2.228 Menschen in Deutschland haben einen Geschlechtseintrag, der sie weder als Mann noch als Frau bezeichnet. Das berichtet die “taz” (Freitagausgabe) unter Berufung auf Zensusdaten.
Demnach hatten zum Stichtag im Mai 2022 in Deutschland genau 42.044.446 Personen den Geschlechtseintrag “Frau” und 40.672.866 Personen den Geschlechtseintrag “Mann”. Bei 1.259 Personen blieb der Geschlechtseintrag leer, 969 galten als “divers”. Prozentual sind also 0,001522 Prozent der Bevölkerung in der offiziellen Statistik ohne Angabe und 0,001171 Prozent divers, zusammen 0,002693 Prozent.
Die Deutsche Gesellschaft für Trans- und Intergeschlechtlichkeit (dgti) schätzt, dass tatsächlich ca. 1,7 Prozent der Bevölkerung intergeschlechtlich sind. Bei intergeschlechtlichen Menschen können körperliche Geschlechtsmerkmale, wie beispielsweise der Chromosomensatz, die Hormonproduktion oder die Geschlechtsorgane, nicht einheitlich oder nicht ausschließlich als männlich oder weiblich eingeordnet werden. Diese angeborenen Variationen können bei der Geburt oder auch später sichtbar werden, manchmal bleiben sie unbemerkt.

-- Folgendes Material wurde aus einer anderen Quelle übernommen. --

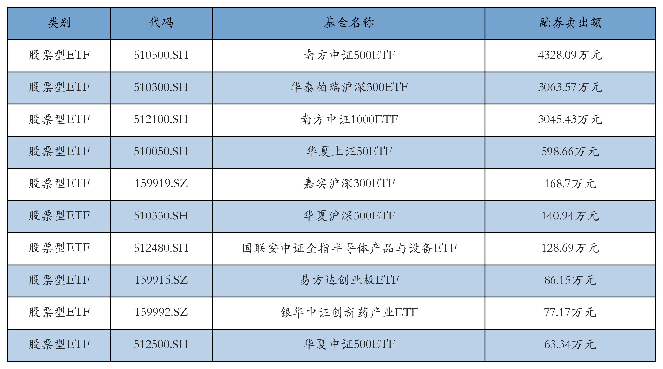 昨日股票型ETF融资卖出额最高的3只ETF及其卖出金额分别为:南方中证500ETF(4328.09万元)、华泰柏瑞沪深300ETF(3063.57万元)、南方中证1000ETF(3045.43万元)。融券卖出额前10详情见下表:
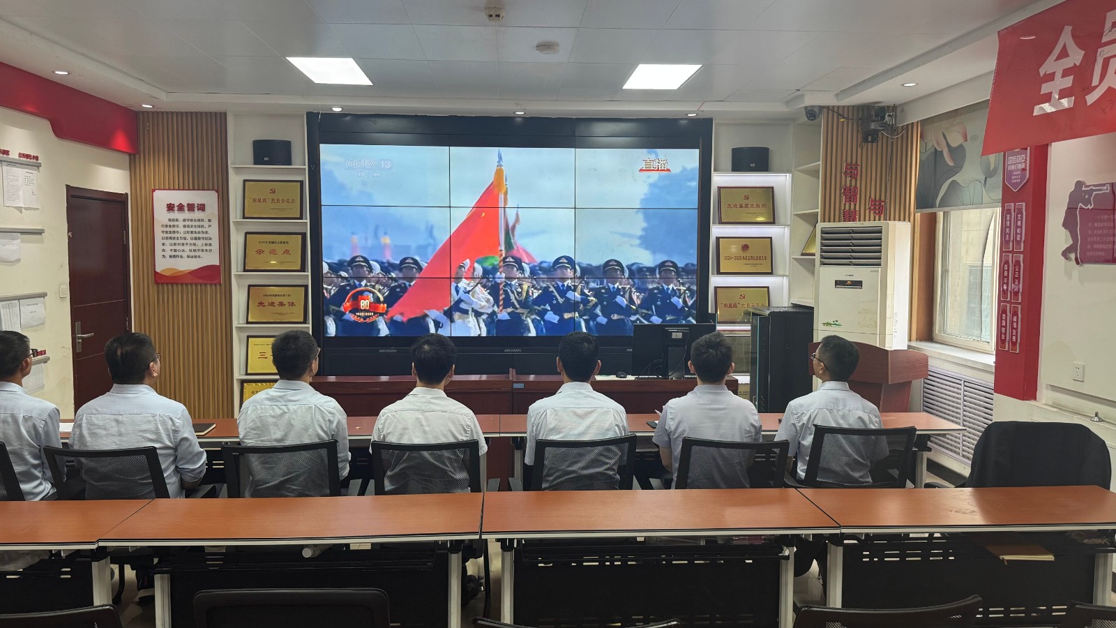歷史燭照未來,精神永續(xù)傳承。為深切緬懷在抗日戰(zhàn)爭中英勇獻(xiàn)身的革命先烈,大力弘揚(yáng)偉大的抗戰(zhàn)精神,引導(dǎo)全體黨員、職工銘記光輝歷史、堅(jiān)定理想信念、強(qiáng)化責(zé)任擔(dān)當(dāng),9月3日,機(jī)運(yùn)工區(qū)黨支部組織開展了“銘記歷史偉業(yè),傳承紅色基因”主題黨日活動(dòng),組織全體黨員集中觀看紀(jì)念中國人民抗日戰(zhàn)爭暨世界反法西斯戰(zhàn)爭勝利80周年閱兵儀式現(xiàn)場直播。上午九時(shí)整,機(jī)運(yùn)工區(qū)全體黨懷著無比崇敬與激動(dòng)的心情,目光齊聚屏幕。伴隨著激昂雄壯的國歌奏響,鮮艷的五星紅旗在天安門廣場冉冉升起,大家心潮澎湃,肅然起敬。隨后,規(guī)模宏大、氣勢磅礴的閱兵式正式開始。屏幕上,一個(gè)個(gè)整齊劃一、威武雄壯的徒步方隊(duì),邁著鏗鏘有力、撼人心魄的步伐走過檢閱臺(tái),堅(jiān)毅的眼神、挺拔的身姿,充分展現(xiàn)了新時(shí)代軍人聽黨指揮的忠誠品格和能打勝仗的過硬本領(lǐng);一列列代表著國家科技實(shí)力與國防現(xiàn)代化建設(shè)最新成果的裝備方隊(duì),鐵流滾滾,氣勢如虹,尖端武器依次亮相,彰顯了捍衛(wèi)國家主權(quán)、安全、發(fā)展利益的堅(jiān)定決心與強(qiáng)大能力;雄鷹呼嘯,劃破長空,戰(zhàn)機(jī)編隊(duì)以精準(zhǔn)的隊(duì)形和磅礴的氣勢接受檢閱,描繪出壯美的藍(lán)天畫卷,宣示著捍衛(wèi)國家領(lǐng)空安全的鋼鐵意志。整個(gè)閱兵過程,秩序井然、威武雄壯、氣勢恢宏,生動(dòng)詮釋了人民軍隊(duì)“聽黨指揮、能打勝仗、作風(fēng)優(yōu)良”的強(qiáng)軍目標(biāo),全方位展示了在黨的堅(jiān)強(qiáng)領(lǐng)導(dǎo)下,國家日益強(qiáng)大的綜合國力和維護(hù)世界和平的堅(jiān)定信念。屏幕前,黨員們?nèi)褙炞?,無不被這震撼人心的場面所感染,民族自豪感與榮譽(yù)感油然而生,現(xiàn)場不時(shí)響起由衷的贊嘆和熱烈的掌聲。通過本次“銘記歷史偉業(yè),傳承紅色基因”主題黨日活動(dòng),機(jī)運(yùn)工區(qū)黨支部全體黨員經(jīng)歷了一次深刻的精神淬煉與思想升華。大家的歷史使命感、民族自豪感、崗位責(zé)任感得到顯著增強(qiáng),紛紛表示以更加飽滿昂揚(yáng)的精神狀態(tài)、更加求真務(wù)實(shí)的工作作風(fēng)、更加開拓創(chuàng)新的進(jìn)取意識(shí),恪盡職守,銳意進(jìn)取,全力以赴保障原煤運(yùn)輸安全高效,為工區(qū)及公司的持續(xù)高質(zhì)量發(fā)展貢獻(xiàn)全部力量!

Die Option “divers” gibt es im Personenstandsrecht erst seit Dezember 2018 – nach einem vorangegangenen Urteil des Bundesverfassungsgerichts 2017. Intergeschlechtliche Menschen können seitdem ihr Geschlecht und ihre Vornamen im Geburtenregister, das Teil des Personenstandsregisters ist, ändern lassen.
Die Zensuszahlen zeigen eine deutliche Steigerung der Geschlechtseinträge “inter” und “ohne Angabe”, zumindest verglichen mit den Daten, die dem Innenministerium im September 2020 vorlagen: In einer Antwort auf eine kleine Anfrage der AfD steht, dass 256 Menschen im Jahr 2019 die Geschlechtseinträge “divers” oder “ohne Angabe” hätten. Im Jahr 2020 waren es bis September 138, also insgesamt zu dem Zeitpunkt 400.
“Die Zensuszahl ist sogar höher, als wir erwarten würden. Denn die Hürden, um diese Geschlechtseinträge offen zu lassen oder divers in Anspruch zu nehmen, waren zur Zeit des Zensus und auch heute noch richtig hoch”, sagte Leo Yannick Wild von der Schwulenberatung Berlin. Außerdem höre die Diskriminierung damit nicht auf, so Wild. Als Beispiel nennt er, dass Auslandsreisen zum Risiko würden, “weil oft unsicher ist, ob andere Länder divers als Geschlechtseintrag akzeptieren”. Auch unangemessene Nachfragen gehörten zu den Folgen einer Angleichung des Geschlechtseintrags.
Trotz aller Diskriminierung geht Wild davon aus, dass die Zahl der Menschen mit dem Eintrag “divers” deutlich steigen wird. Denn dank des Selbstbestimmungsgesetzes, das im April beschlossen wurde, wird es bald sehr viel einfacher, den Geschlechtseintrag ändern zu lassen. Für Erwachsene wird dann eine persönliche Erklärung gegenüber dem Standesamt genügen, ohne dass es Meinungen Dritter bedarf. Das Gesetz soll im November in Kraft treten.